Dr Jonathan Parker is professor of Social Work at Bournemouth University

Comment: Riots and PM speech a wake-up call for social work

Comment: Riots and PM speech a wake-up call for social work

Social work must share the blame for the breakdown in individual responsibility within society.

By Dr Jonathan Parker

Whilst the use of inflammatory and sensational language such as 'broken society' or a 'moral collapse' may well be counterproductive, there was much of merit in the prime minister's speech yesterday concerning the riots. His emphasis on morality and questions of 'right and wrong' will resonate with many for whom the extreme logic of relativism has led to a frightening and confusing quicksand where moral certainties used to stand.

However, the prime minister's rhetoric may be an empty vessel unless based on robust research into the causes of and solutions to the social problems to which he refers, and not simply observations of social change.

Indeed, Mr Cameron's references to families without fathers and gang culture are potentially dangerous if not qualified. They may attract an opprobrium where that would better lie elsewhere. There are perhaps three inter-related levels that require a response: individual, institutional and societal.

At one end of the spectrum we all need to own and acknowledge the implications and consequences of our own actions and values. Individual responsibility is crucial. At the other end of the spectrum, government policies need to focus on public and social well-being, as well as responsibility, and to forge a strong social contract in which individual well-being is supported, but the individuals also have clear roles to fulfil.

The rise of neoliberal, dehumanised market-driven approaches have encouraged a version of government that has removed personal well-being from the economic. Social policies have drifted towards an overarching book balancing exercise rather than a Butskellian approach that saw individuals as making an important contribution in themselves to the life of society.

In the middle is the third level of action that is dependent on social policy and legislation and individual 'buy-in'. It is the area of social welfare. We have a system in which a person's expectations have reached a point at which there is no need for reciprocal action themselves. There is an important social welfare cushion that rightly protects vulnerable people.

However, it allows some to play that system, to refuse to engage with training, work or socially responsible activity and to believe they have a right, not simply for protection, but for continued support regardless of lifestyle, behaviour and willingness to contribute to society.

Social work has developed, importantly, its commitment to people made vulnerable, marginalised and disenfranchised by social, political and economic circumstances. However, it has constructed an edifice of anti-oppressive practice that is sometimes decorated with the inanities of political correctness that hampers its position to mediate and negotiate a pathway that re-engages individuals with their society.

Over the last two decades, social work has contributed to the general diminution of individual responsibility by a misplaced refusal to judge behaviours and actions, or to remove services from people, in common language 'to punish', those who traverse, often at great cost to others, the rules of engagement with that society.

Some of the ways social work has exercised its (legitimate) authority to protect vulnerable people, and especially children, has led to a perception that families, even where there is no abuse or cause for concern, are no longer private domains and to exert discipline and control is deemed wrong. This creates a moral vacuum that has potentially problematic results.

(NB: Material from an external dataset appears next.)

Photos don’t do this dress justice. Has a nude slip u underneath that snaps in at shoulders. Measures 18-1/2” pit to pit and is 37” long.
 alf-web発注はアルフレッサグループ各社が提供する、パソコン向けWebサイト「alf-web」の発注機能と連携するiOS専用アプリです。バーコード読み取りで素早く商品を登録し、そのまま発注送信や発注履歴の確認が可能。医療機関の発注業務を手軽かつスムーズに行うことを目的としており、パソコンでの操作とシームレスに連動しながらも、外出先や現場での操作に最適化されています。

What the riots indicate for social work is that all personal behaviour and actions cannot be equally valued if a society is to function and serve its members appropriately. Perhaps, at the societal level, social workers have, for too long, been content to stand outside of the policies and workings of society when it suits; often when individuals are being held accountable for their actions.

However, social workers are still employed, in the main, by local government, and need to work overtly for the communities they are employed to serve. A voice to stand up for democratic freedoms and to uphold rights when these are being abused is crucial, but so too is a need to work within the society of which social workers are part in this country if we are to build together, rather than tear down, supportive state welfare that benefits social, political and economic well-being for all.

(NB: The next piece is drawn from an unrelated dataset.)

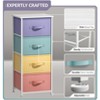 Give your household essentials a cozy landing spot with the Sorbus 4-Drawer Chest. This beautiful chest features a tabletop surface and pull-out drawers to tuck away household clutter. The thoughtful design is vertical for small living spaces and works equally well by the bed or sofa. Store anything from books, reading glasses, alarm clocks, clothing and other bedside necessities. The lightweight frame makes this unit easy to transport around the home and when not in use, simply fold the fabric drawers flat for storage. With everything you need right by your side, getting organized has never looked better! A great addition to any bedroom, closet, hallway, and more for instant storage. Set this charming storage in your master suite or guest room as a dresser for blankets, clothing, linens, and more with fresh flowers on the tabletop. In the nursery, the drawers help organize story books while the nightstand is the ideal height for a reading lamp. As a living room accent table, this unit provides sufficient space for remotes, coasters, and drinks, perfect for a movie night in or entertaining guests during the big game! This unique storage solution is easy to set-up with minimal assembly required. Showcasing a streamlined design, this four-drawer dresser chest stand is portable, lightweight, and easy to assemble. Hardware and instructions INCLUDED. Each removable drawer includes a built-in carry handle and made of breathable, non-woven fabric for soft-closing storage. Frame made of steel. Tabletop surface made of MDF wood with smooth finish.

The vulnerable and disadvantaged are not always in the right and the ordinary citizen is not always 'oppressive' or in the wrong. The prime minister's response to the riots, when the decoration is trimmed away, plays out the longer history of social work and welfare.

It is high time the profession reclaimed its history stemming from philanthropy, social reform and demanding the two-way contract between individuals and their society.

Dr Jonathan Parker is professor of Social Work at Bournemouth University. He has wide experience in social work research and practice, and is series editor of the highly successful Learning Matters/Sage series Transforming Social Work Practice.